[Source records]
※ ※ ※
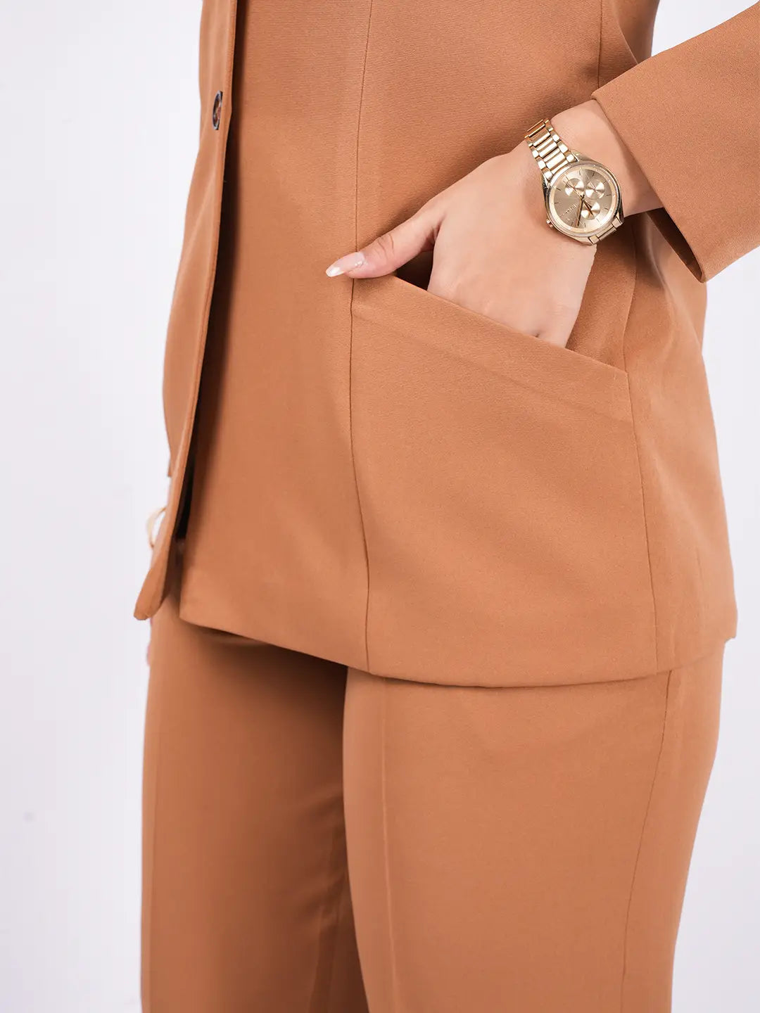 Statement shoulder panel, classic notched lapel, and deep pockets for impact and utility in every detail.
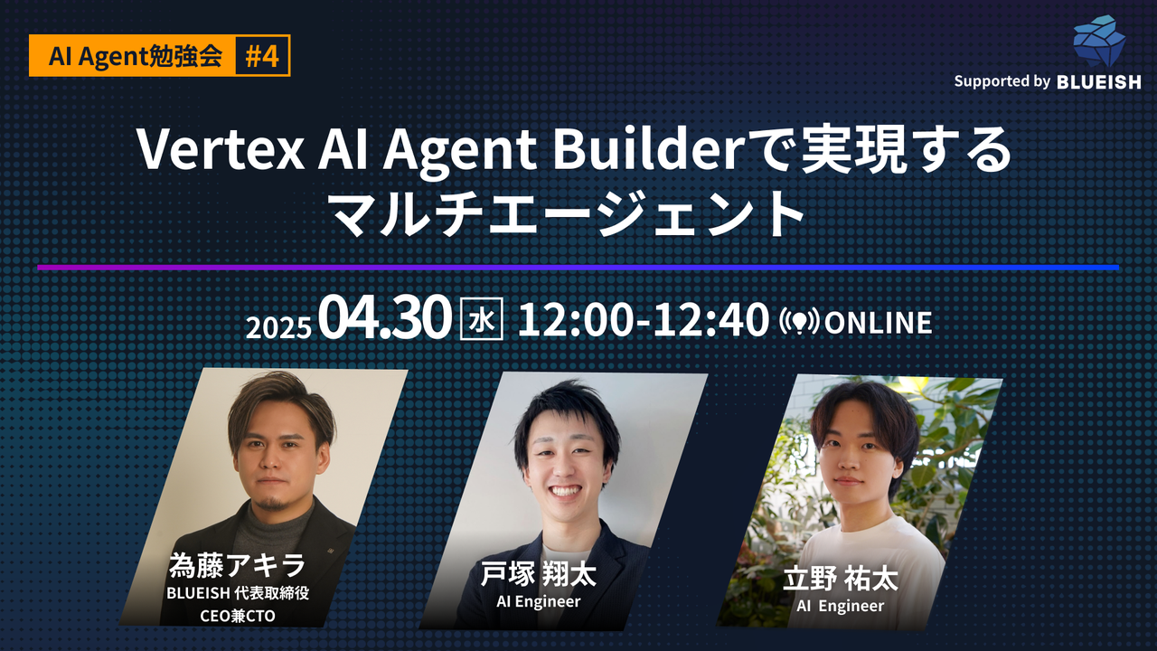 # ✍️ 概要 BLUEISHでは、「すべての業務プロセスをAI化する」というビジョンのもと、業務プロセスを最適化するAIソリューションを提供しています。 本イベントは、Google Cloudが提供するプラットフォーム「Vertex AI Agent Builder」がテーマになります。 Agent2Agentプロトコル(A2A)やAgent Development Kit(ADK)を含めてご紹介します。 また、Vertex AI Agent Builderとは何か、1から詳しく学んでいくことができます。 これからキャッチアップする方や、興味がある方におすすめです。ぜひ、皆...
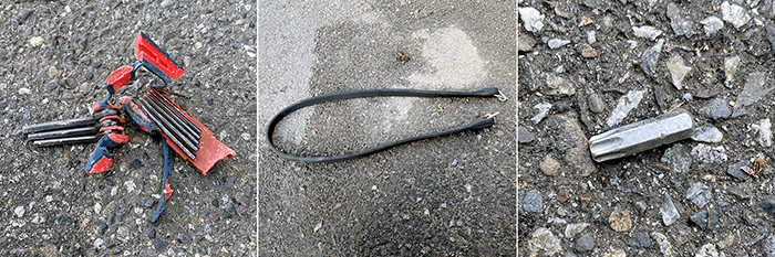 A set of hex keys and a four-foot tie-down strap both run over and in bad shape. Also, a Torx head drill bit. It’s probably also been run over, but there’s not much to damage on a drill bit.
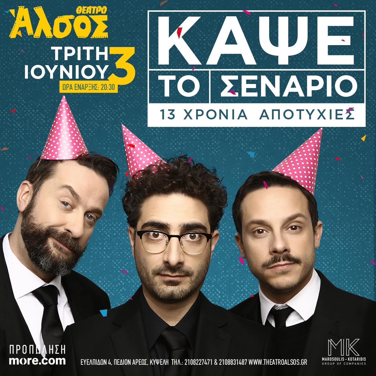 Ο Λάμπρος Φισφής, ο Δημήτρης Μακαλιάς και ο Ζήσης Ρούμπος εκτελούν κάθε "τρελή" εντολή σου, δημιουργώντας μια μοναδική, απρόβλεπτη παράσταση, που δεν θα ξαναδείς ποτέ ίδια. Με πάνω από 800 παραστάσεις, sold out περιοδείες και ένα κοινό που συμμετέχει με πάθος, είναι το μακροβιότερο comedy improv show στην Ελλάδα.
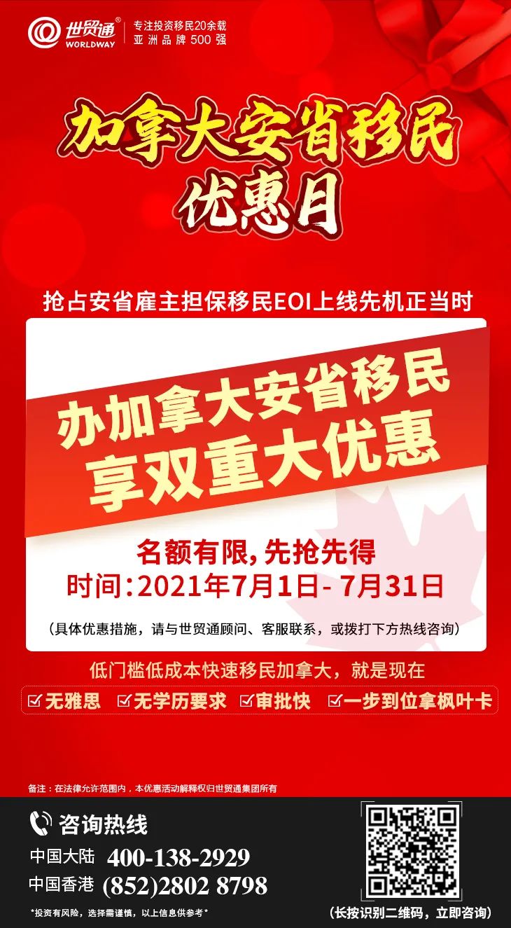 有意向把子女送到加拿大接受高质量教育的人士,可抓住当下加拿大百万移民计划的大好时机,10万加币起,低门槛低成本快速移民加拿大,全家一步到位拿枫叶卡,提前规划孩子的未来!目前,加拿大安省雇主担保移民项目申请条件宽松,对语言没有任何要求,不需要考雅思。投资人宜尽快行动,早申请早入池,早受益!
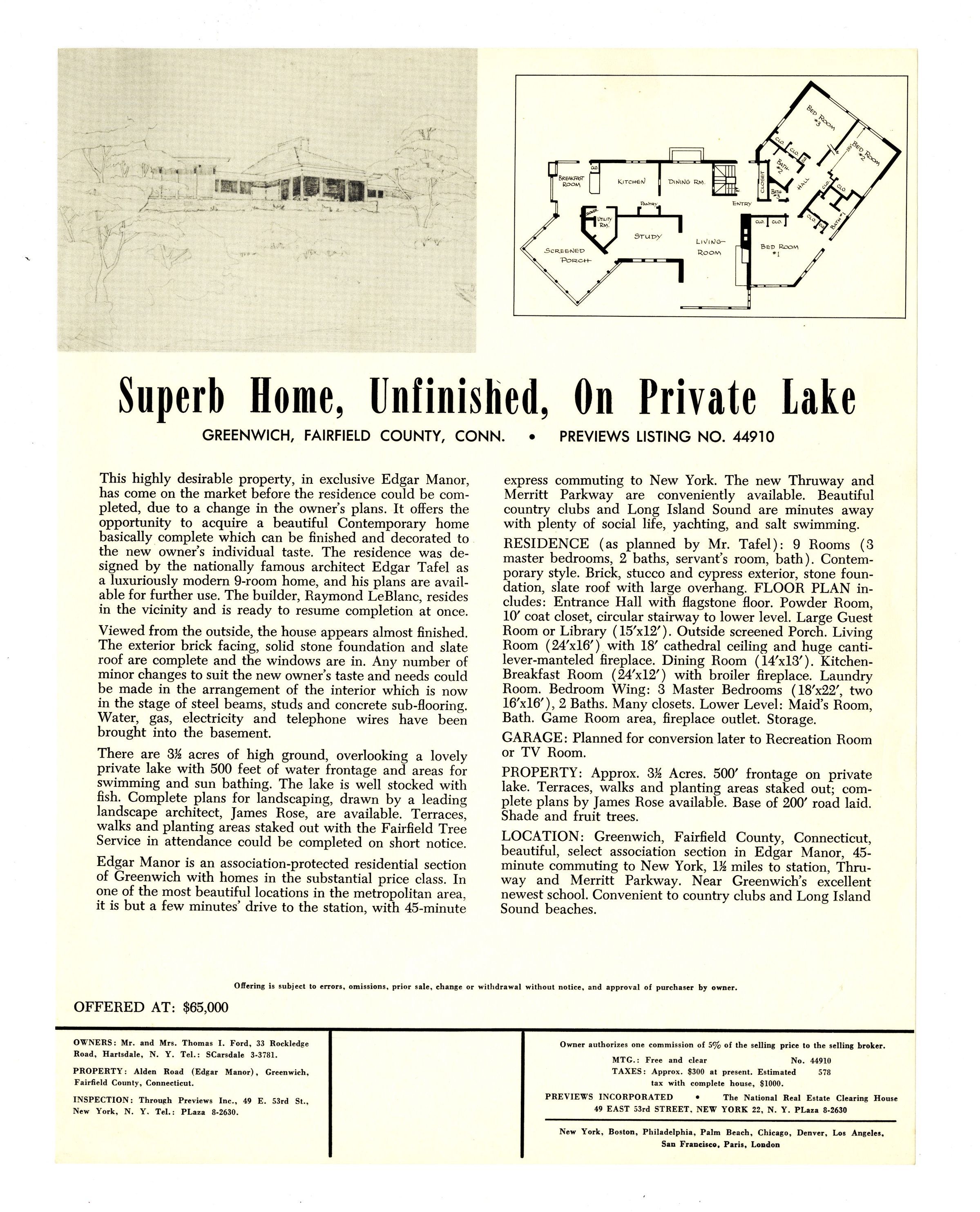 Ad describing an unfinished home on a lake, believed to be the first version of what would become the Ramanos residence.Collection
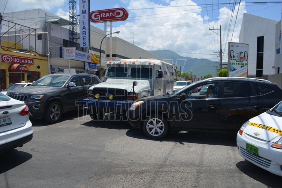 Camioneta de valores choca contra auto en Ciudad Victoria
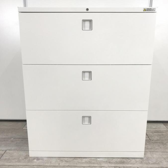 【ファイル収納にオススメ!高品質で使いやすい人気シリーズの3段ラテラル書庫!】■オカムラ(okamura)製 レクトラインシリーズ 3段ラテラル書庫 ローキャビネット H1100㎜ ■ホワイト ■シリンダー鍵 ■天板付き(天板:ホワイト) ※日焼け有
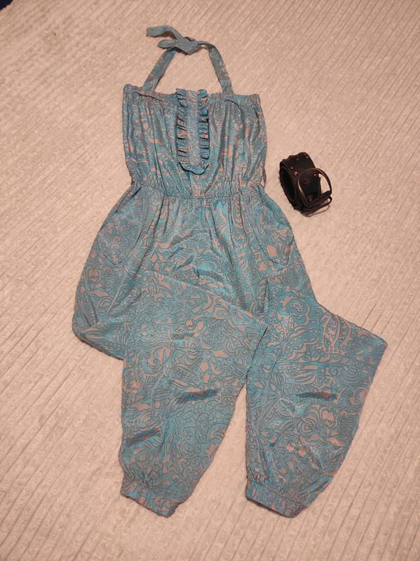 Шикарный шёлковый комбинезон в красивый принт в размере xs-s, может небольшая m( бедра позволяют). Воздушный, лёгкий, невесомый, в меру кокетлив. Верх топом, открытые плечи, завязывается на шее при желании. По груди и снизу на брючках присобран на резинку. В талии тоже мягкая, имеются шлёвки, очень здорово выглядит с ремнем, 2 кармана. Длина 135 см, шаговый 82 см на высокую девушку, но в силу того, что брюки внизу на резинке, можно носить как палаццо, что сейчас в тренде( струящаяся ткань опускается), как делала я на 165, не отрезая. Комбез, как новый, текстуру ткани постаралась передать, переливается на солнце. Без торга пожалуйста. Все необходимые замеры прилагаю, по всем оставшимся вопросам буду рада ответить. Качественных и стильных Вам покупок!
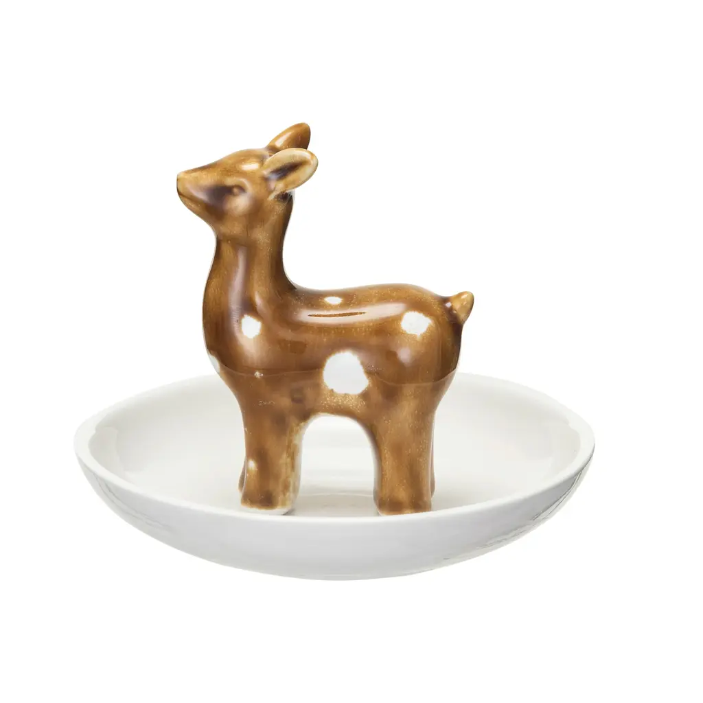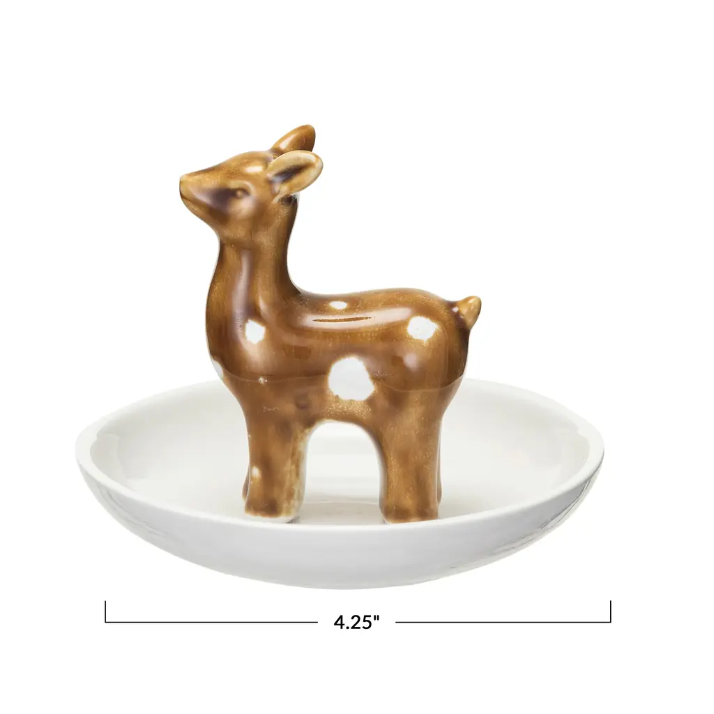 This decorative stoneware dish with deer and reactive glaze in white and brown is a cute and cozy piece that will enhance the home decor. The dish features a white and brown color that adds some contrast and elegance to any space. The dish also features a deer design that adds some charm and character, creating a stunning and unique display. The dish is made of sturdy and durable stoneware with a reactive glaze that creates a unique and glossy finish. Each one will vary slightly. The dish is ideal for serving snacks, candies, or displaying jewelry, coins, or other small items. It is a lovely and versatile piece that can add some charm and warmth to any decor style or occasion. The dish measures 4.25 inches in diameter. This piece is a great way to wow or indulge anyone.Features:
※ ※ ※
**What you should do:** Using the data above, retype exactly the lines from the line with "Ad describing an" to the line with "H1100㎜ ■ホワイト ■シリンダー鍵 ■天板付き(天板:ホワイト) ※日焼け有", inclusive. No pictures and nothing else.

**Problem solution:**
 Ad describing an unfinished home on a lake, believed to be the first version of what would become the Ramanos residence.Collection
 Camioneta de valores choca contra auto en Ciudad Victoria
 【ファイル収納にオススメ!高品質で使いやすい人気シリーズの3段ラテラル書庫!】■オカムラ(okamura)製 レクトラインシリーズ 3段ラテラル書庫 ローキャビネット H1100㎜ ■ホワイト ■シリンダー鍵 ■天板付き(天板:ホワイト) ※日焼け有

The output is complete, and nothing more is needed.